I will be taking my CIRCC this winter. Do you have any helpful tips. I went to the Medlearn conferance but it was a little overwhelming.


----------



## suela923@aol.com (May 30, 2014)

I am getting ready for the CIRRC test too. Are there many cardiac questions?  I mainly code IR so I am worried about the cardiac stuff....thanks and CONGRATS!


----------



## CIRC-MA (Jun 3, 2014)

*Congrats hbailey42*



hbailey42 said:


> I took the test Saturday and just found out that I passed.

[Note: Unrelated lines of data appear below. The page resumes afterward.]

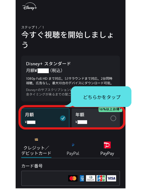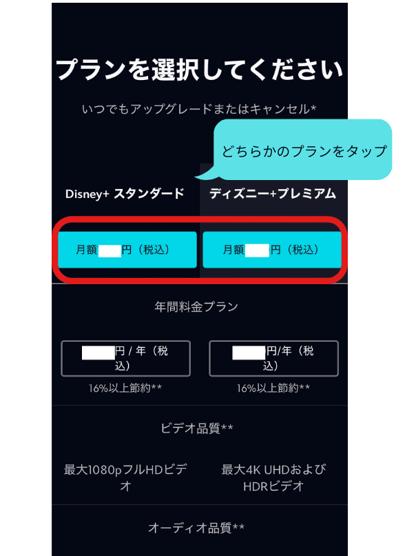 サブスクリプション「Disney +スタンダード(月額プラン)>」をタップ
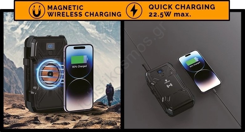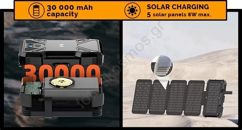 • Powerbank s χωρητικότητα 30000 mAh, με λειτουργία ηλιακής και ασύρματης φόρτισης και ενσωματωμένο LED φακό.
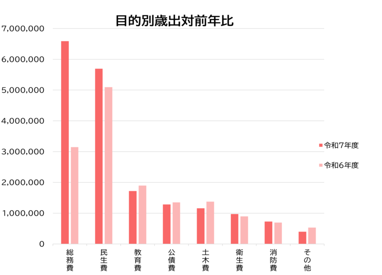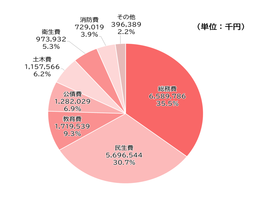 合計 | 総務費 | 民生費 | 教育費 | 公債費 | 土木費 | 衛生費 | 消防費 | その他 |
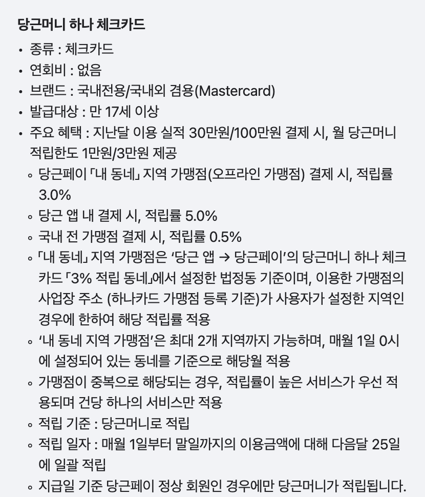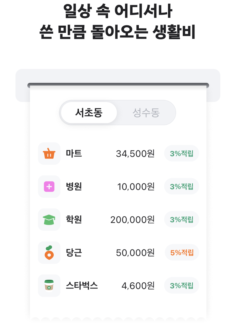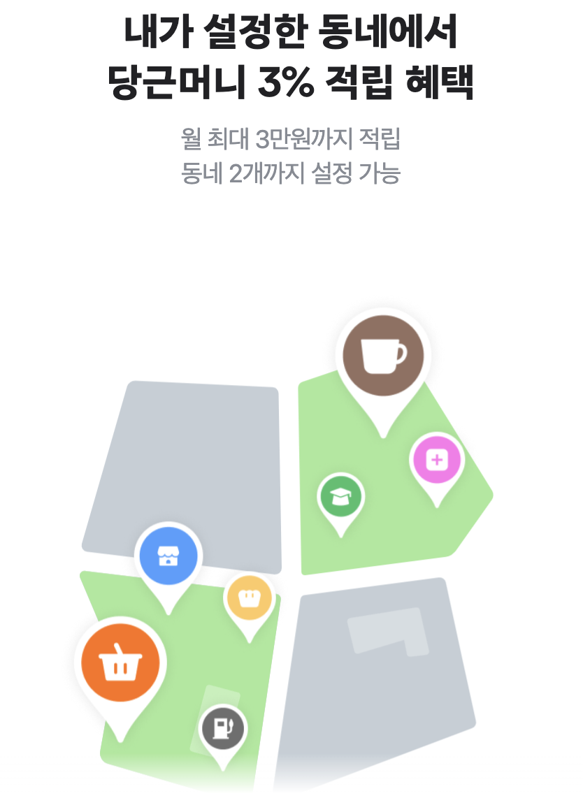 * 내 동네 지역 가맹점은 '당근 앱 > 당근페이' 당근머니 하나 체크카드 3% 적립 동네에서 설정한 법정동 기준, 이용한 가맹점 사업장 주소(하나카드 가맹점 등록 기준)가 사용자가 설정한 지역인 경우 한하여 해당 적립률 적용

What resources did you use, if you don't mind me asking.  I'm asking because my plan in to purchase Zhealth IVR & IVC, along with the Study Guide.  Any further recommendations would be greatly appreciated. 

Best wishes, 
CIRC-MA


----------



## hbailey42 (Jun 4, 2014)

What resources did you use, if you don't mind me asking.  I'm asking because my plan in to purchase Zhealth IVR & IVC, along with the Study Guide.  Any further recommendations would be greatly appreciated. 

I used the CIRCC study guide, online practice test through AAPC, and I found the online training from Coding Strategies to help me with the non-vascular procedures. 

There were very few cardiology procdure questions on the test. I was hoping for more since I am very confident in these procedures.

Good luck to everyone!


----------